### DATA LISTING

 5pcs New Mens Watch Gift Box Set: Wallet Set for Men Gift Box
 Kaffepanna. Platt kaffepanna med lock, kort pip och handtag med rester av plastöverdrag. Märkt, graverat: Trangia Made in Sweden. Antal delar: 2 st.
* * *
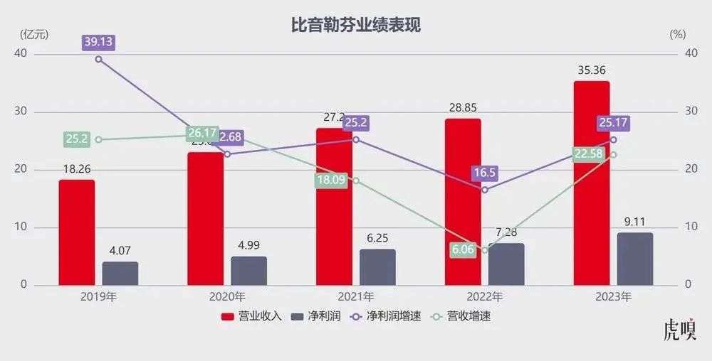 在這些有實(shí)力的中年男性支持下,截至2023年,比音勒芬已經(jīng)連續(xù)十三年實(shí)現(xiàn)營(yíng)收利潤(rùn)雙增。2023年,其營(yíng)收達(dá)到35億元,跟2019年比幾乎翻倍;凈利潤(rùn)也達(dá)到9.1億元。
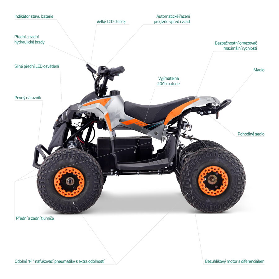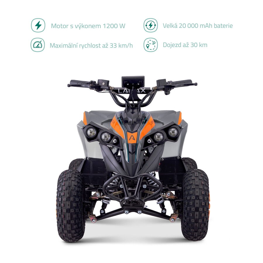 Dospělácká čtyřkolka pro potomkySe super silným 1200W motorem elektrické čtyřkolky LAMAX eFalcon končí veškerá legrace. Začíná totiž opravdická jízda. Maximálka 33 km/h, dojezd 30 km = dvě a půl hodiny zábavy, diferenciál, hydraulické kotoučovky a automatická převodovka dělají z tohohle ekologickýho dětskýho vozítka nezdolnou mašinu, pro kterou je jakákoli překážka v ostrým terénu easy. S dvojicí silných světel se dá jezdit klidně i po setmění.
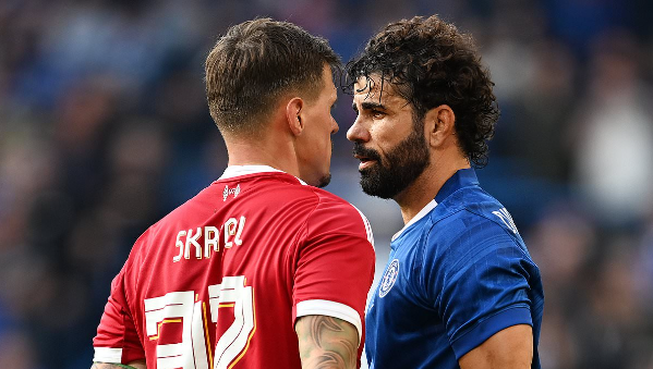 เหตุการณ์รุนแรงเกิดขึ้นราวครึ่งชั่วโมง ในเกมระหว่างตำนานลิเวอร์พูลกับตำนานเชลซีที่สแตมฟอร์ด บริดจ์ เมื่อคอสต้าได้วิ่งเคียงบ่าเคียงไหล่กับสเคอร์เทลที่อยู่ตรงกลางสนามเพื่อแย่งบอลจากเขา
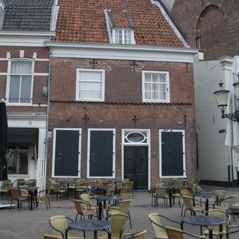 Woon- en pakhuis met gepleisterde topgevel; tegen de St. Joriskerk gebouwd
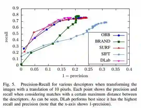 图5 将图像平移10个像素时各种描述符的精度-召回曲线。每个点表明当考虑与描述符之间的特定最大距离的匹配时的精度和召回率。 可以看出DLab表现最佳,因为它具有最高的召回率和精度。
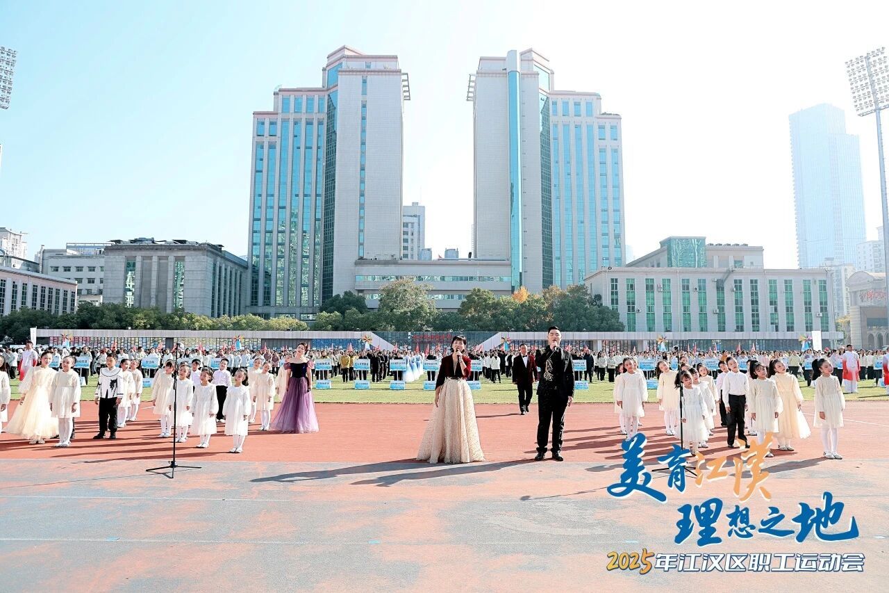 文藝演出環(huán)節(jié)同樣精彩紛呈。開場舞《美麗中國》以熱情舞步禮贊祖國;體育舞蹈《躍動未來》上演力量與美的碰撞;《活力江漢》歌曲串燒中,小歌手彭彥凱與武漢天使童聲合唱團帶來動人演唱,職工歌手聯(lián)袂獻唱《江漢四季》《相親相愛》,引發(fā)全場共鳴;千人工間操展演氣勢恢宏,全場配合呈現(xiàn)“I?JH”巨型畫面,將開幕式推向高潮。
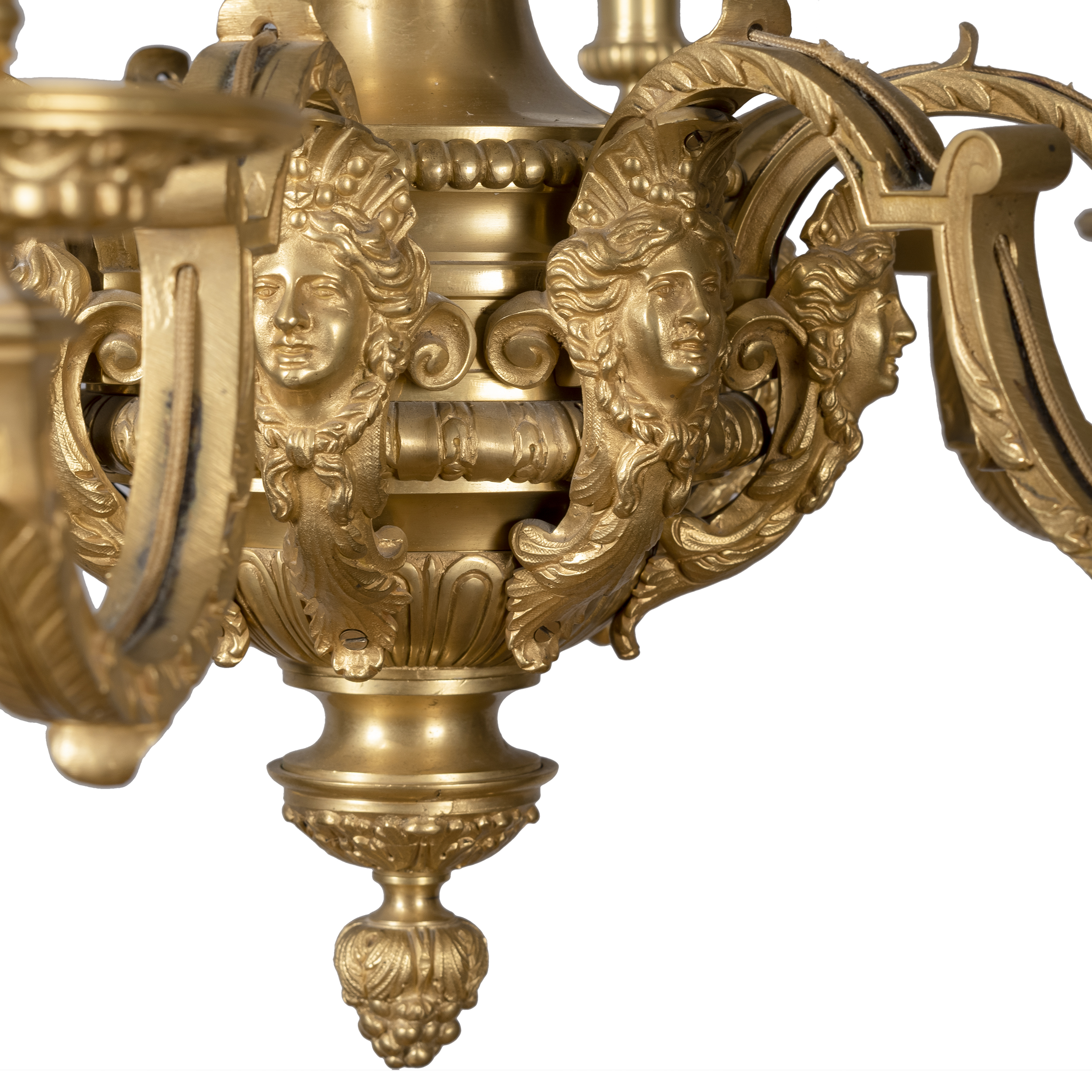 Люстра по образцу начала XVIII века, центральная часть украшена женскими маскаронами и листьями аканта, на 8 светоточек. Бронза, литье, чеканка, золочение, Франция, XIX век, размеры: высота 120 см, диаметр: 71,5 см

### YOUR OBJECTIVE
Return exactly, and only, the lines above starting at the line that contains "5pcs New Mens" and ending at the line that contains "Kaffepanna. Platt kaffepanna".

### TASK RESULT
 5pcs New Mens Watch Gift Box Set: Wallet Set for Men Gift Box
 Kaffepanna. Platt kaffepanna med lock, kort pip och handtag med rester av plastöverdrag. Märkt, graverat: Trangia Made in Sweden. Antal delar: 2 st.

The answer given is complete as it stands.